This is how Nigerian sex workers are ‘upgrading’ university students

Prostitutes are contributing their own quota to the Nigerian university systems by helping male students get good grades.
According to Alex, a Higher National Diploma student of the Department of Accountancy, who spoke with Punch newspaper, in order to pass a course, they have to pay their lecturers in cash or in ‘kind.’ “The better ones among the lecturers give us the option of paying by cash for the course or finding a lady who will sleep with them on our behalf before we can pass. Passing a course costs us between N10, 000 and N20, 000,” said Alex.
It seems the male folk in Nigerian universities may just be coming to a realization which dawned on their female counterparts a long time ago; good grades can be bought with sexual relations. However, ladies are very familiar with the disgraceful exchange of academic favors for illicit sex.
There’s the coerced and consensual sex, which are versions of illegitimate relations between the faculty and its students.  Lecturers in institutions of higher learning reportedly take pleasure in harassing students for money or sex in order to pass them and most students, out of desperation give in to their demands. In other cases, lazy students see the lectures’ immoral demand as a way out, a little price to pay in order to be labeled a ‘graduate.’
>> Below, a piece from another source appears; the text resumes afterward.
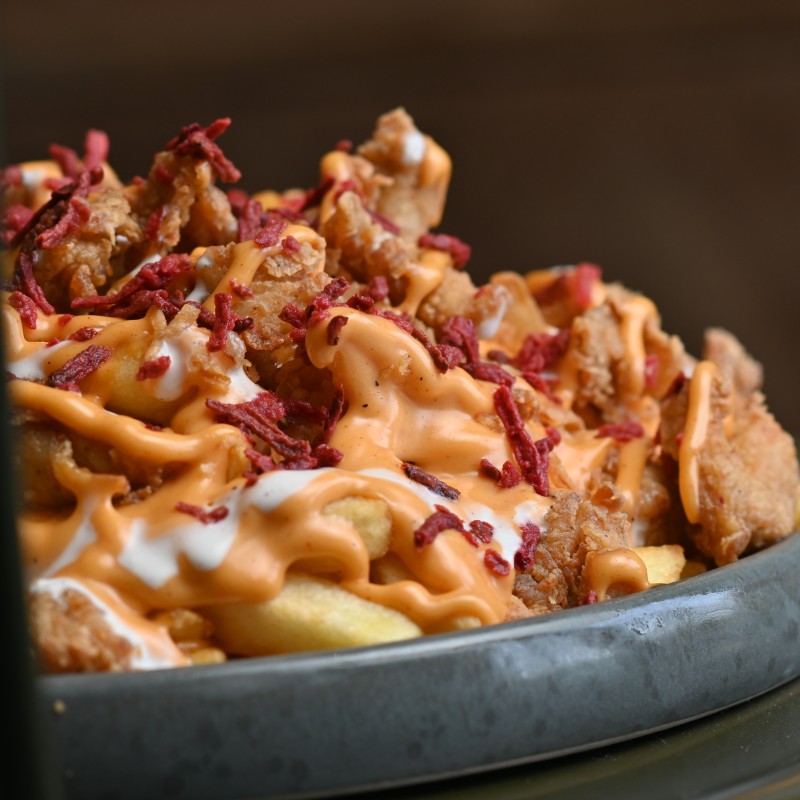 (1520 سعرة حرارية)البطاطس المقلية مع قطع الدجاج المقرمشة ورقائق البصل و الشمندر و نوعين من صوص الشيف..

With the new expense of getting a prostitute to satisfy their randy and incompetent teachers, education (or the lack of it) in Nigerian universities just became more expensive. One ofPunch’s respondents, Dickson, says he has to hustle in order to be able to afford prostitutes which will, in turn, ensure success for him in his exams. “Apart from the money my parents give me, I hustle on my own in the school. If I want to pass a course now, I need to budget at least N20,000 for it — N7,000 for hotel booking, N3,000 for meal and N10,000 to pay the prostitute.” Dickson said
With the hope of quelling sexual assault and immorality in campuses, the government has set up different panels to investigate incidents like this.  But this latest development which happens to involve prostitutes raises two questions – are these panels effective? And, wouldn’t these disrupt efforts to crack down on prostitution in Nigeria?